Komen.
"Gue dimana?"
"Mama, masa Bryan mimpi udah mati. Kaget banget sumpah, kaya nyata."
Geysa hanya membulatkan matanya dan menatap anak itu. Namun baru sekian detik anak tersebut menghilang entah kemana.
"Bryan...." Perempuan itu bangkit dari tidurnya dengan nafas terengah-engah.

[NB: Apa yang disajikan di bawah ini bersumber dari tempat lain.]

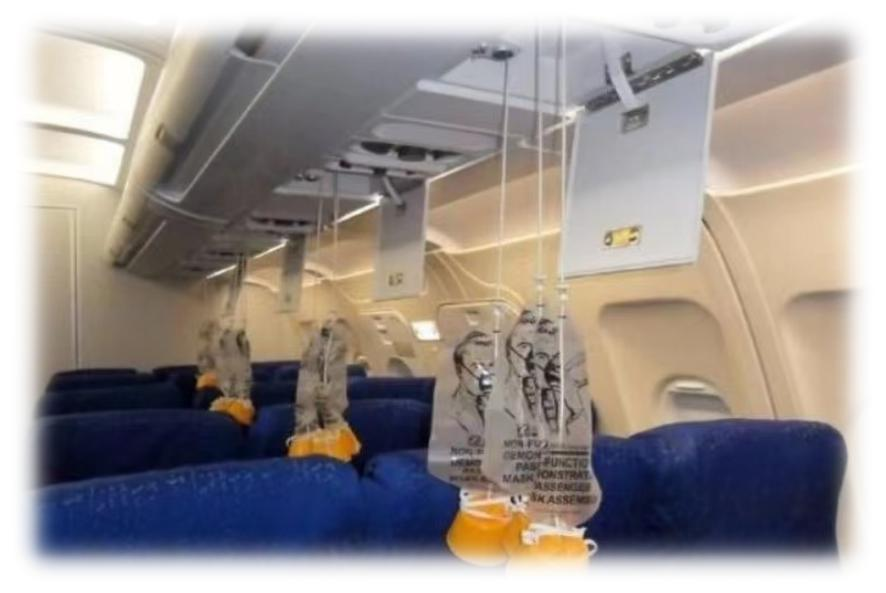 众所周知,随着高度的增加,空气逐渐稀薄,空气中含氧量也随之减少,人就会感到缺氧。因此,遇到客舱突然失压或其他缺氧情况时,机上的氧气面罩可防止人体高空缺氧,确保机上全体人员的生命安全。当座舱高度达到 14000 英尺时,氧气面罩储藏箱的门自动打开,氧气面罩会自动脱落。
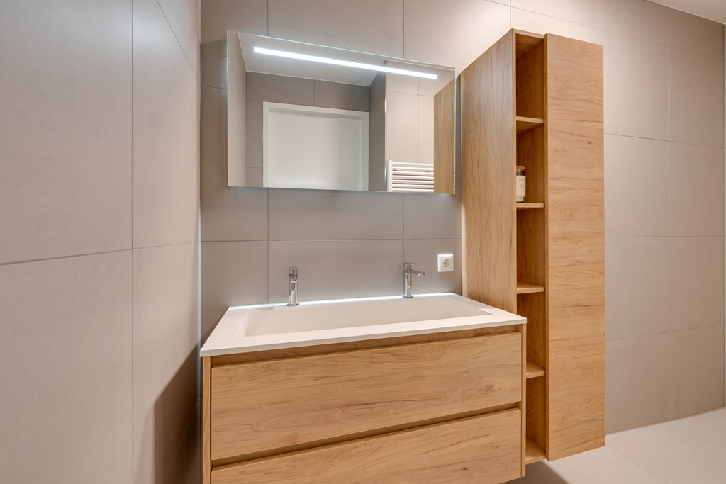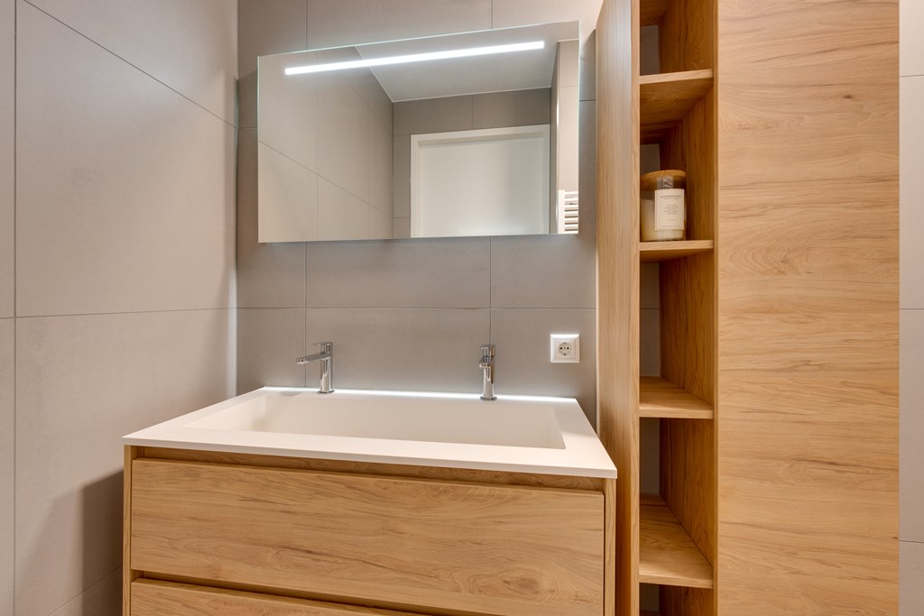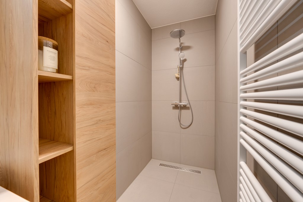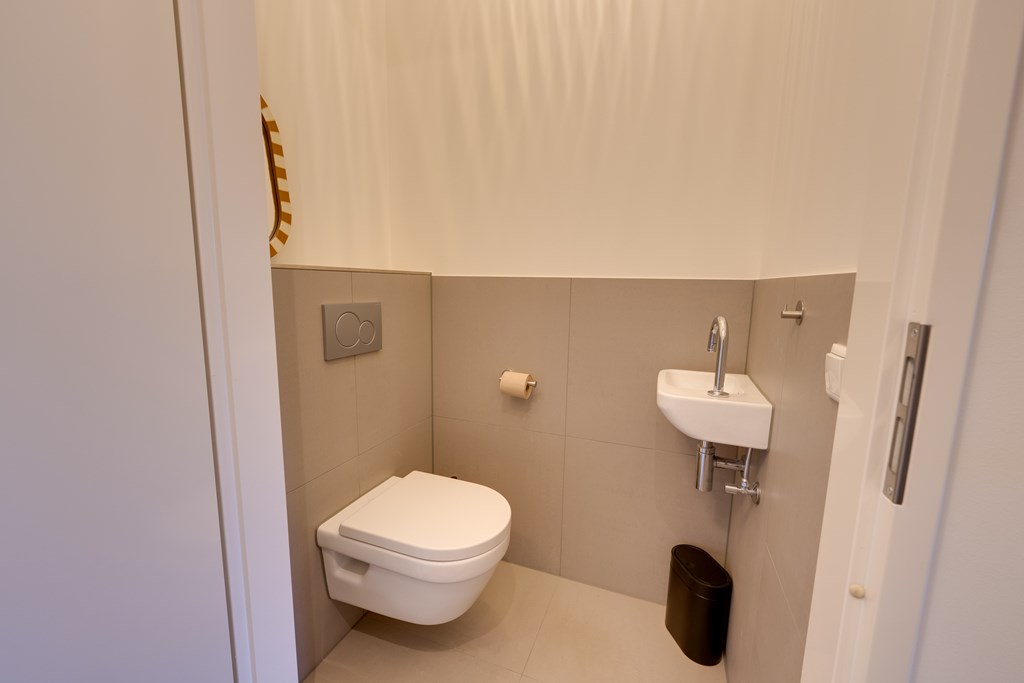 Vanuit de hal bereikt u tevens de moderne badkamer. Deze is geheel betegeld en voorzien van een ruime inloopdouche en een elektrische handdoekradiator. De strakke afwerking en hoogwaardige materialen geven de badkamer een tijdloze en luxe uitstraling.
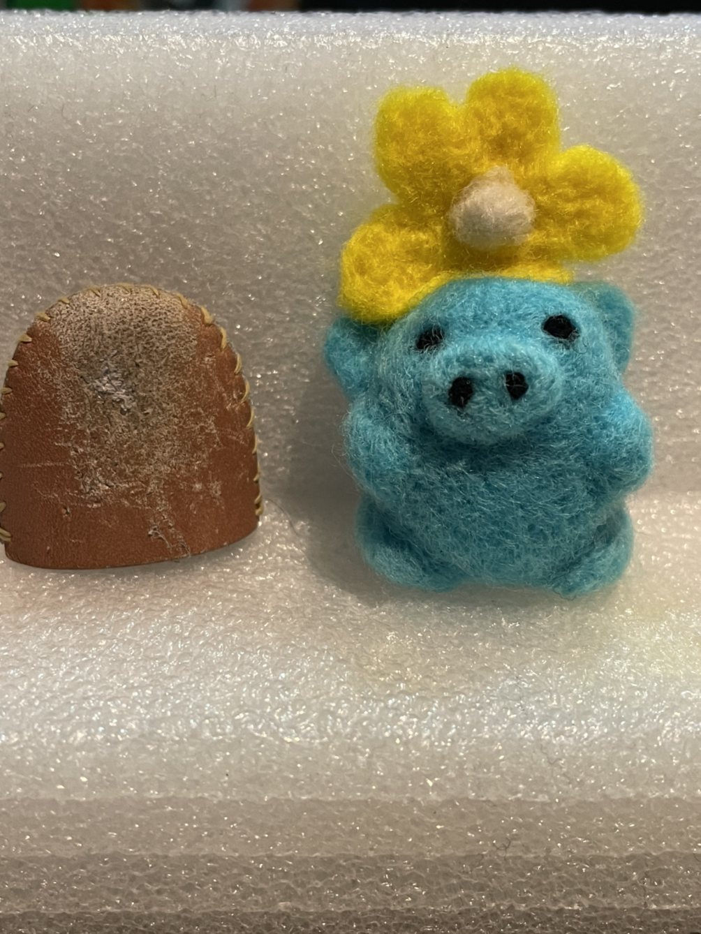 핑크 돼지 오 형제를 만들고 그날 저녁 파란 돼지 한 마리를 더 만들었다. 얼마나 작은 사이즈까지 만들 수 있나 실험해보면서 돼지 중에 가장 적은 사이즈로 만들어보니 손가락에 낀 골무 사이즈와 같았다. 손가락에 골무를 끼고 하면 도움은 되지만 하다 보면 골무 낀 손가락이 불편해 잘 쓰지 않게 되고 골무를 끼지 않은 손가락을 사용하게 되니 다른 손가락이 바늘에 찔렸다. 그래서 정말 조심해서 신경을 써야 했지만 하다 보니 손가락 찔리는 것은 참을만해졌다.
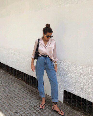 For a business casual look, consider pairing your mom jeans with an oversized or a structured blazer. You can either wear a T-shirt underneath or a bralette. Combine with a cute pair of court shoes or boots for a more sophisticated look. You can wear this to work, a lunch date or any other casual event.
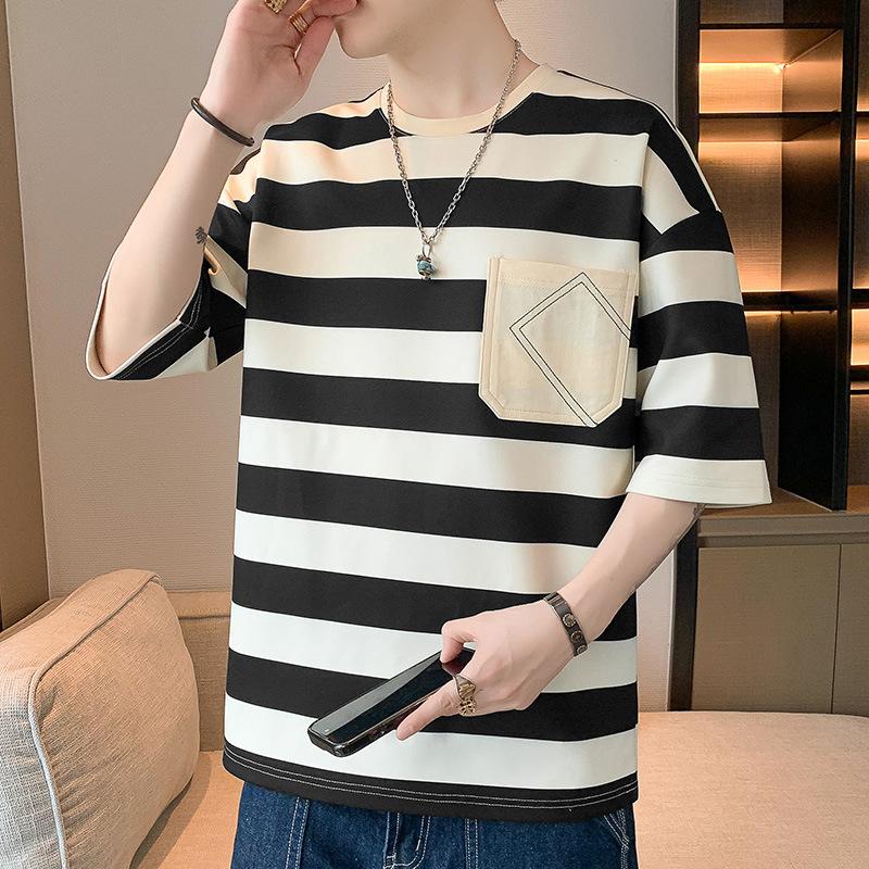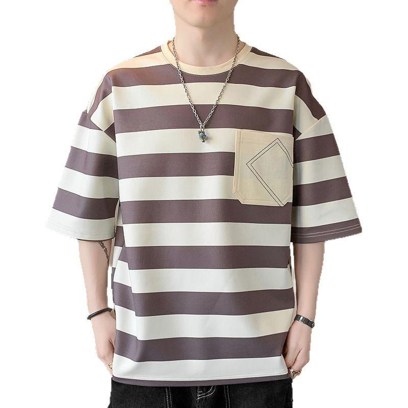Летняя мужская свободная футболка с короткими рукавами, полосатый топ, круглый вырез, футболка с короткими рукавами
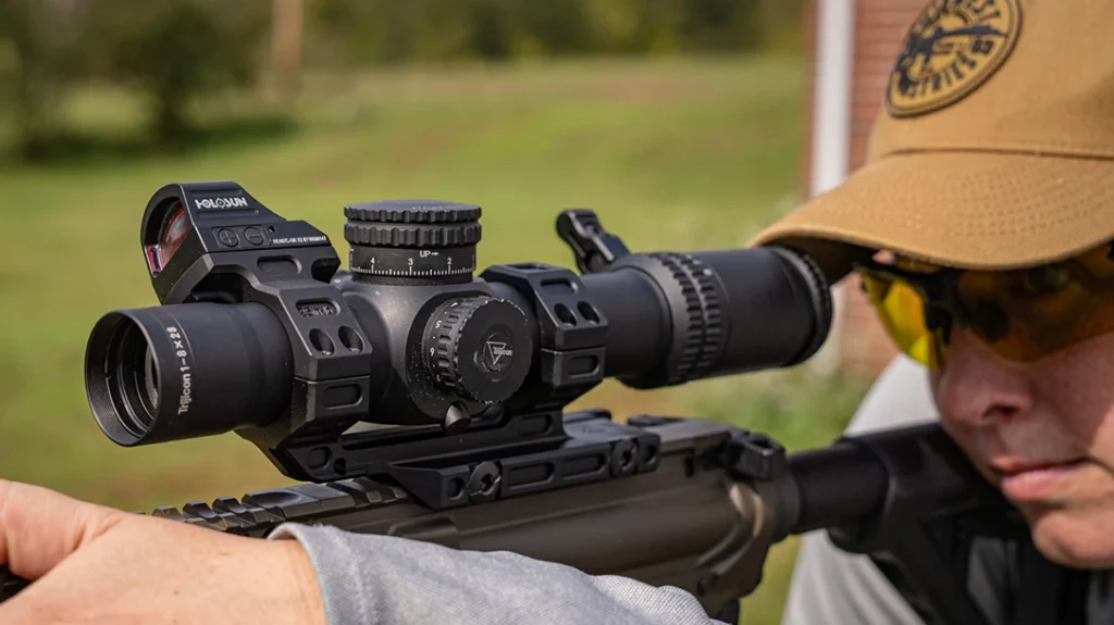 The Trijicon Credo 1-8x scope has proven to be indestructible so far, and I’ve been using it for almost a decade now in competition. My scope has been beaten up from slinging my rifle to throwing my rifle in dump barrels. It’s never lost zero, and the illumination still works perfectly. The MIL reticle is simple and easy to understand with adjustable turrets for windage and elevation. You screw off the scope caps and reposition to 0 once you have your rifle zeroed.

"Bukan Bryan yang mimpi mati, tapi Mama yang mimpi kamu hidup lagi."
Geysa meraih bingkai foto disampingnya, memeluk erat seakan dia adalah Bryan, lelaki yang telah pergi.
"Iyan, udah gak mau tidur dipeluk Mama apa?"
Kamar nuansa putih itu tak ada lagi yang menempati, parfum Bryan akan sangat terasa ketika memasuki kamarnya, semua terasa anak tersebut masih ada di tempat itu. Geysa menyusuri kamar itu, mulai dari lemari pakaian sampai tempat belajar anak itu. Dirinya membuka lembar per lembar catatan sekolah anak itu, tak ada nilai dibawah angka sembilan puluh, tulisan-nya pun sangat rapi. Geysa mengabsen buku-buku harian anaknya, namun masih kosong tanpa goresan pena sedikitpun, padahal buku-buku itu lebih dari sepuluh dengan bentukan yang sama. Hanya biasa, bersampul putih dan didalamnya kertas-kertas yang kosong belum bertuliskan apa-apa.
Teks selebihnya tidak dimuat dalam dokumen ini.